Leading the list of devicemakers is Warsaw, Ind.-based Zimmer, which gave $17.4 million, followed by Minneapolis-based Medtronic, which gave $13 million. Medtronic competitor Boston Scientific gave $8.8 million.

Competition among devicemakers has been intense, and the companies have been pursuing mergers and acquisitions and new contract models with providers, which view high-cost supplies as an area to cut costs. Zimmer, which makes orthopedic reconstructive, spinal and trauma devices, dental implants and related surgical products, is pursuing a $13.35 billion acquisition of competing orthopedic manufacturer Biomet. Medtronic announced plans to buy surgical supplier Covidien for $42.9 billion as the sector continues to consolidate.

The data were published on the Open Payments website, which was required by the Physician Payments Sunshine Act, a provision of the Patient Protection and Affordable Care.

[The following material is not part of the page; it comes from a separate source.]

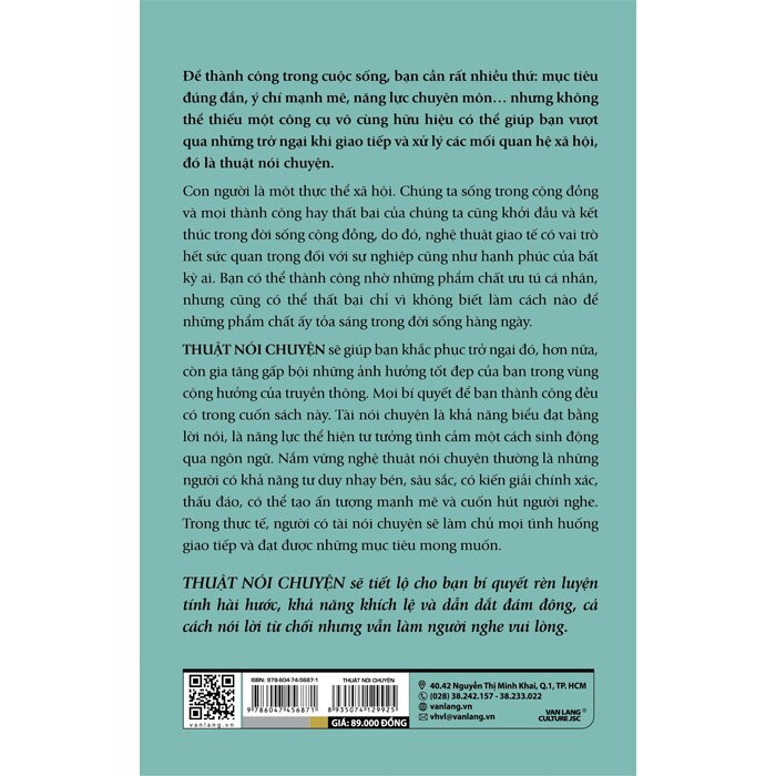 Giới thiệu sách Thuật Nói Chuyện Nâng cao phong cách giao tiếp đắc nhân tâm thời đại số Để thành công trong cuộc sống, bạn cần rất nhiều thứ: mục tiêu đúng đắn, ý chí mạnh mẽ, năng lực chuyên môn… nhưng không thể thiếu một công cụ vô cùng hữu hiệu có thể giúp bạn vượt qua những trở ngại khi giao tiếp và xử lý các mối quan hệ xã hội, đó là thuật nói chuyện.

*Zimmer recently purchased Biomet:  the only manufacturer that provided patients a warranty on product. 
*Medtronics will  avoid paying U.S. taxes, as it employed ‘inversion’ to acquire a foreign company and claim that as its corporate headquarters. 
*see FiDA post on Salazar v Boston Scientific Obtryx surgical mesh 73M verdict:  the company executives were aware of the irreversible, permanent, catastrophic harm and the MSDS stating that pp mesh product should not be implanted in humans and did not inform the implanting surgeons and patients.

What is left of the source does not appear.